Suraj directed Nothing Like That, an English play on gender and body image written by Madhuvanti G. It was an anthology of stories that depicted the insecurities of a dark-complexioned girl, a bald man, an ageing woman and a short-statured man.

“Comedy must work with people of all categories. Generally, plays are watched by theatre artistes, intellectuals, and laymen. So, it’s important to have a layman’s language so that you can connect with everyone. It’s necessary to play around with clichés and enhance them while writing jokes,” he offers.

Below the surface of comedy, it’s possible to sneak in messages. That’s why Suraj decided to offer closure to the stories that weren’t present in the original script. “The writer felt that any conclusion might be wrong, but I summed up the stories by helping the characters accept as they are and love themselves more,” he recollects.

What’s not funny?

With humour on gender, there are chances of crossing the line and offending people. “As a director, I avoid below-the-belt comedy. When actors come up with such improvisations, I consciously cut those scenes. Even a child watching my play must enjoy it without uncertain thoughts in his or her mind,” says Suraj.

Anil echoes Suraj’s thoughts about how such content must make people from different age groups comfortable. “Talking about Gentlemen, many elderly people confessed they were nervous about the play’s topic in the beginning. I could see their unrest when the play began. But soon, they lapped it up, saying everything that had to be told was told enjoyably,” he recollects.

Indian theatre needs more quality gender-based humour, feels Anuradha Rao, an experienced theatre professional, founder director of Untitled Arts Foundation and the theatre group The Big Fat Company.

“In our play Name The Game/Hidimba, one episode was written to generate laughs and it worked well.

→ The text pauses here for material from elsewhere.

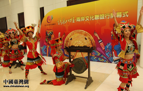 中國(guó)臺(tái)灣網(wǎng)8月17日南寧消息 身著盛裝的壯族帥小伙們敲響迎客的銅鼓,美麗的姑娘們亮出婉轉(zhuǎn)的歌聲,在這個(gè)七夕之夜歡迎來自海峽兩岸尊貴的客人。101名臺(tái)灣文化教育界人士和50余名大陸文化界人士歡聚一堂,悠揚(yáng)的山歌聲中,“情系八桂——兩岸文化聯(lián)誼行”聯(lián)歡晚會(huì)徐徐拉開帷幕。

We showed how society is stereotypical to people considered ‘not so pretty’. We showed a woman’s stereotypical journey of looking ‘pretty’. And she is always judged, no matter what she wears. If she wears a saree she is called an aunty. If she wears spaghetti, she is called a slut,” she described. “Humour has great potential to strike a chord with people. But when it comes to gender, writers don’t go beyond the typical ideas like bedroom comedy. The jokes are tasteless. It takes skill and intelligence to write creative gender-based humour,” she opines.